━━━━━ Source material ━━━━━

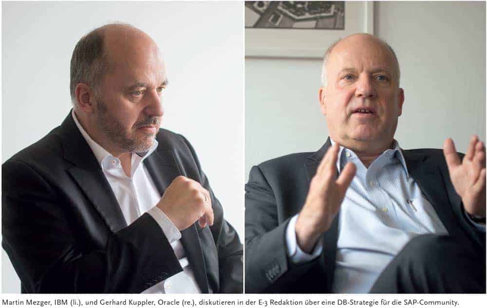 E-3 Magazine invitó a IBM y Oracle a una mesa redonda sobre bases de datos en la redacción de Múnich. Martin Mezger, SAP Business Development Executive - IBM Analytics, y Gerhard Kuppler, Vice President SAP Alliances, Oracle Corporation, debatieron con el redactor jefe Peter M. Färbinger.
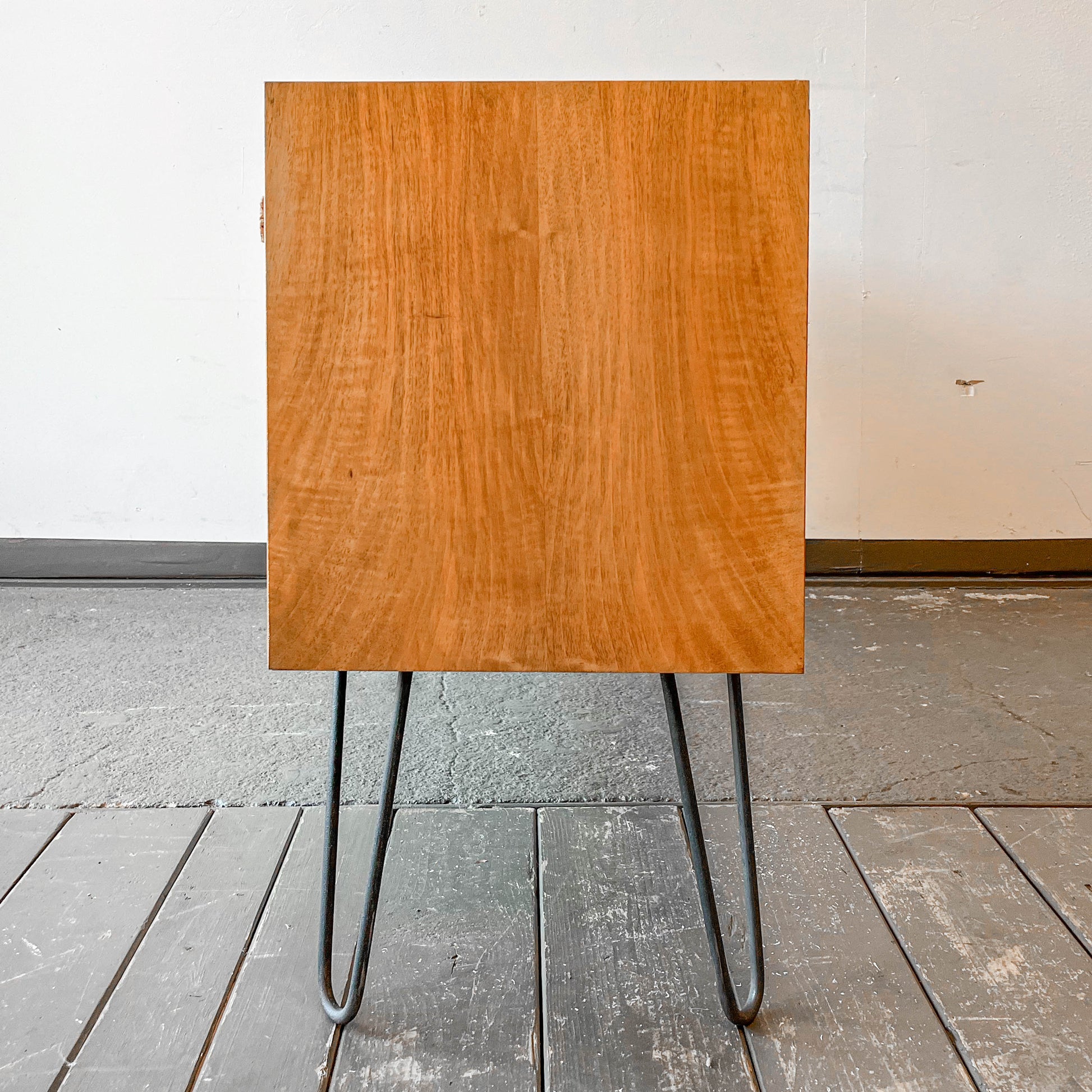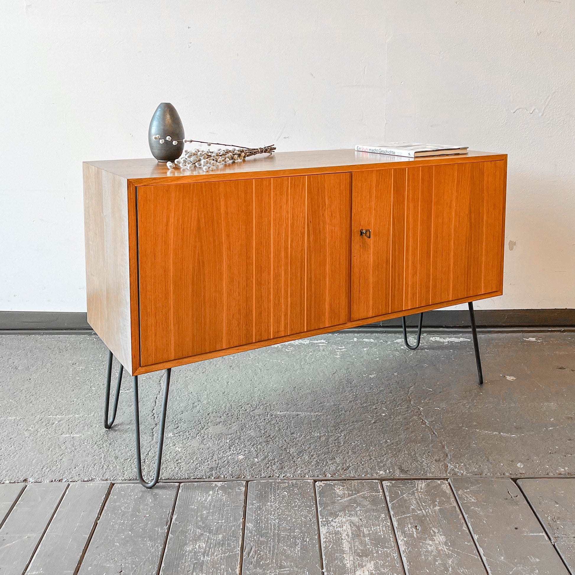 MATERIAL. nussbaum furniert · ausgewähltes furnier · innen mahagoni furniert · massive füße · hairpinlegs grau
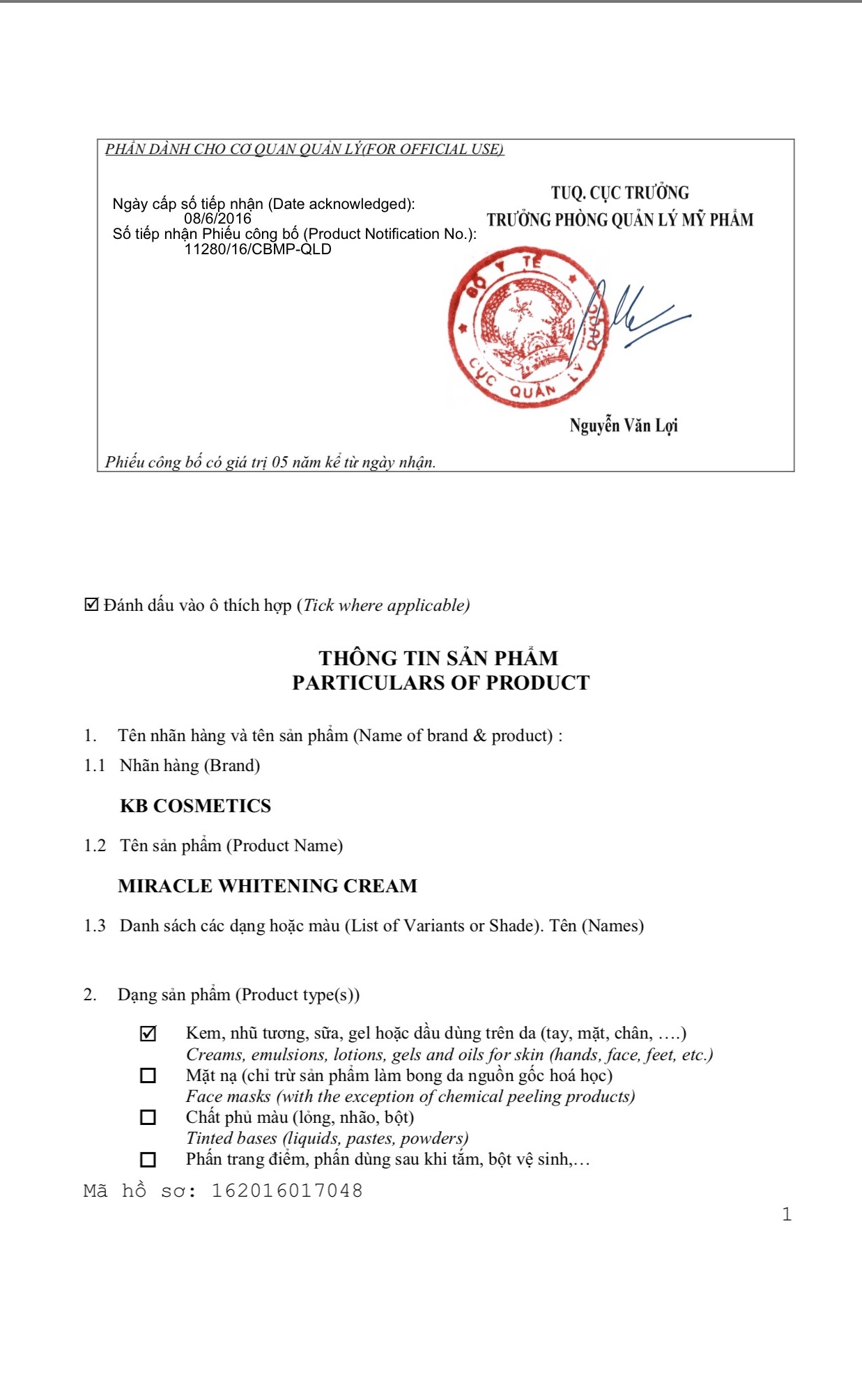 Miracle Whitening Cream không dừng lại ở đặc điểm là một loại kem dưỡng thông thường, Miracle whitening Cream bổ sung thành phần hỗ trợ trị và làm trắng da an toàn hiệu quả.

━━━━━
━━━━━ Source material ━━━━━

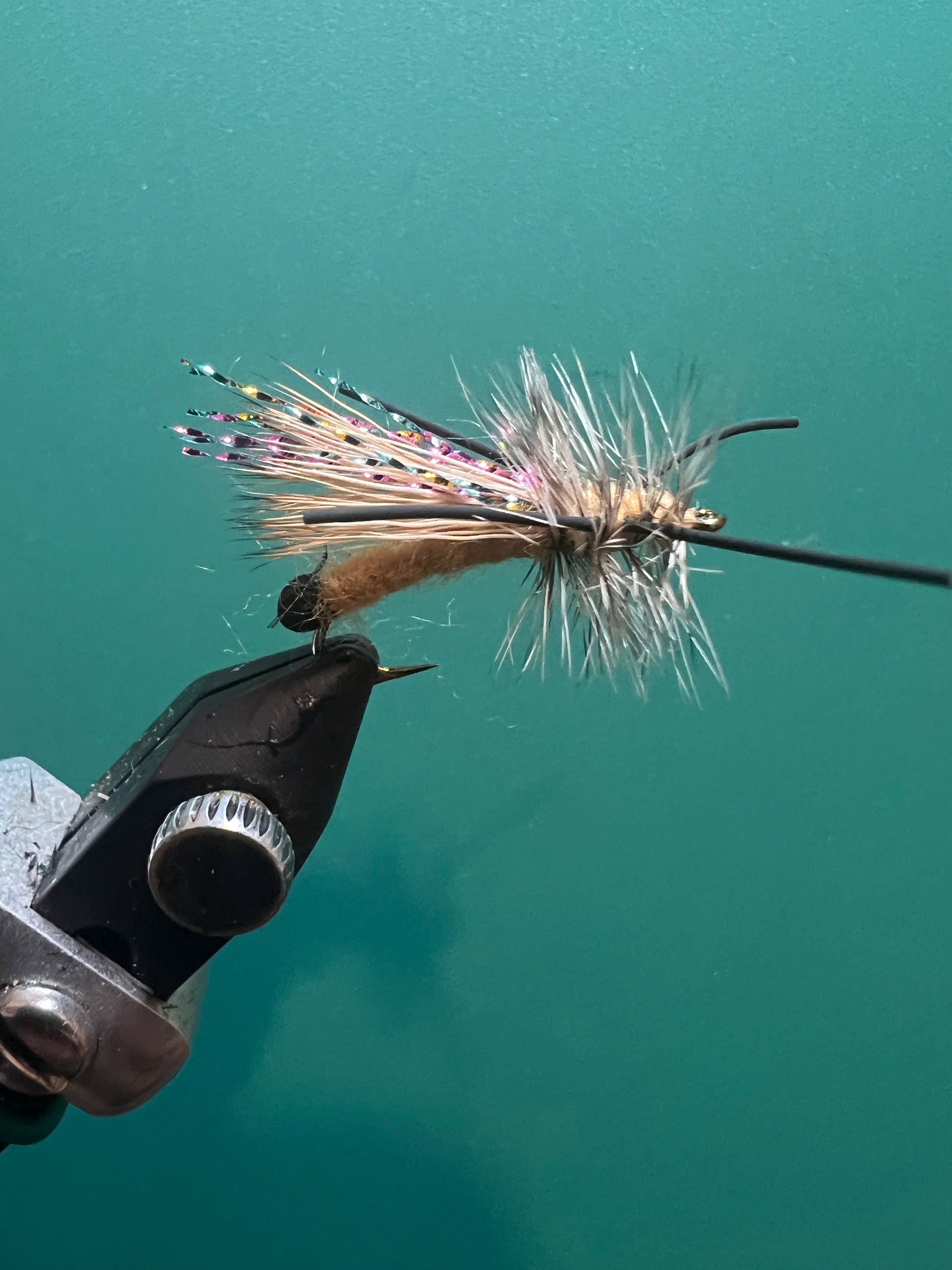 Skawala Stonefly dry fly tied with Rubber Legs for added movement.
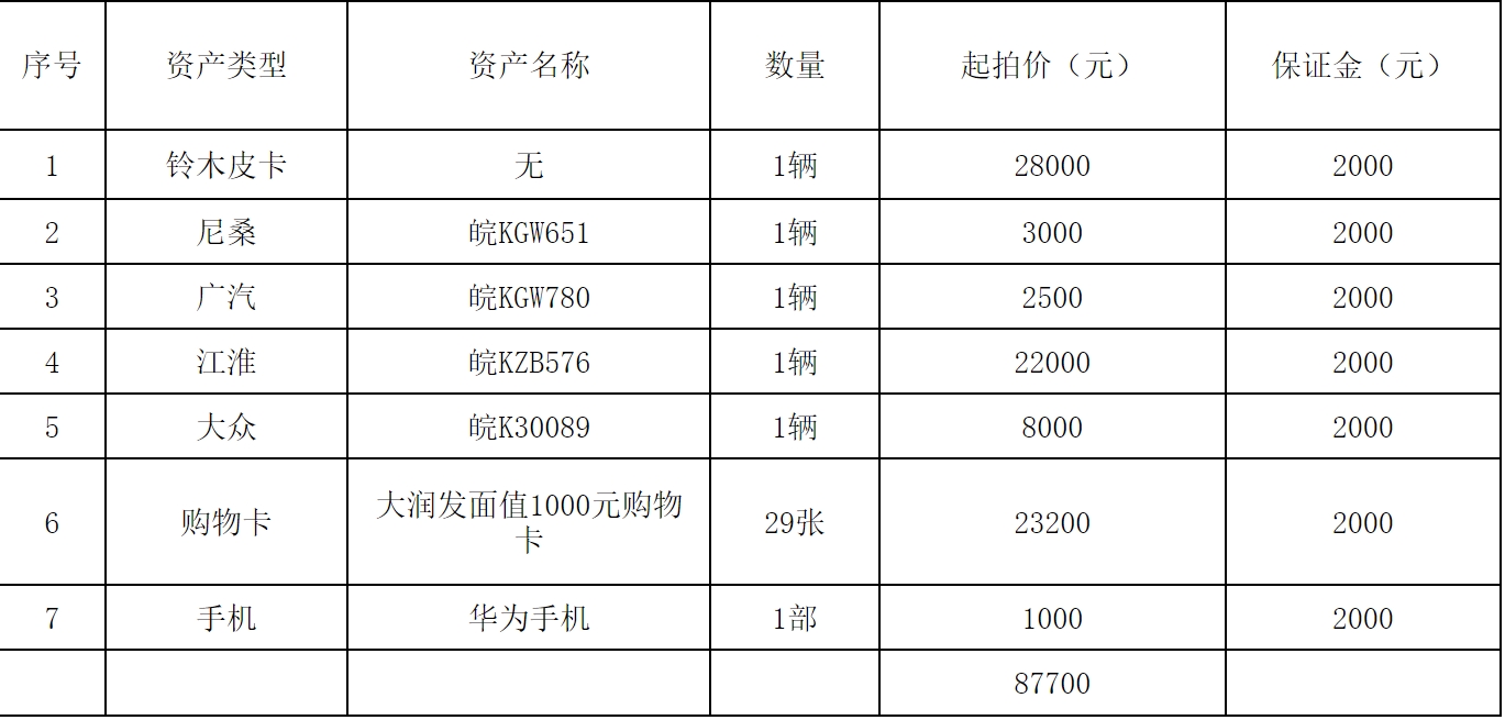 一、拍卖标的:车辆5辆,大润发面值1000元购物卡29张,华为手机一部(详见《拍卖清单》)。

━━━━━
━━━━━ Source material ━━━━━

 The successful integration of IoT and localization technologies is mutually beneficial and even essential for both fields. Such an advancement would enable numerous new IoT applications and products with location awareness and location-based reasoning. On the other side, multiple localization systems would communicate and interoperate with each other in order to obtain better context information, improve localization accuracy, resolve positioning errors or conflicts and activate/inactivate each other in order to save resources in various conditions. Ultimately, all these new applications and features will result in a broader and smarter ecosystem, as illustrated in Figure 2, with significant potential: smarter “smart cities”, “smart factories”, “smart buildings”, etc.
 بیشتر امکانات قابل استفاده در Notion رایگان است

━━━━━

» **What you should do**: From the records above, output only the lines starting at the one containing "E-3 Magazine invitó" and ending at the one containing "Miracle Whitening Cream không", word for word. Pictures stay out.

» **Final answer**:
 E-3 Magazine invitó a IBM y Oracle a una mesa redonda sobre bases de datos en la redacción de Múnich. Martin Mezger, SAP Business Development Executive - IBM Analytics, y Gerhard Kuppler, Vice President SAP Alliances, Oracle Corporation, debatieron con el redactor jefe Peter M. Färbinger.
 MATERIAL. nussbaum furniert · ausgewähltes furnier · innen mahagoni furniert · massive füße · hairpinlegs grau
 Miracle Whitening Cream không dừng lại ở đặc điểm là một loại kem dưỡng thông thường, Miracle whitening Cream bổ sung thành phần hỗ trợ trị và làm trắng da an toàn hiệu quả.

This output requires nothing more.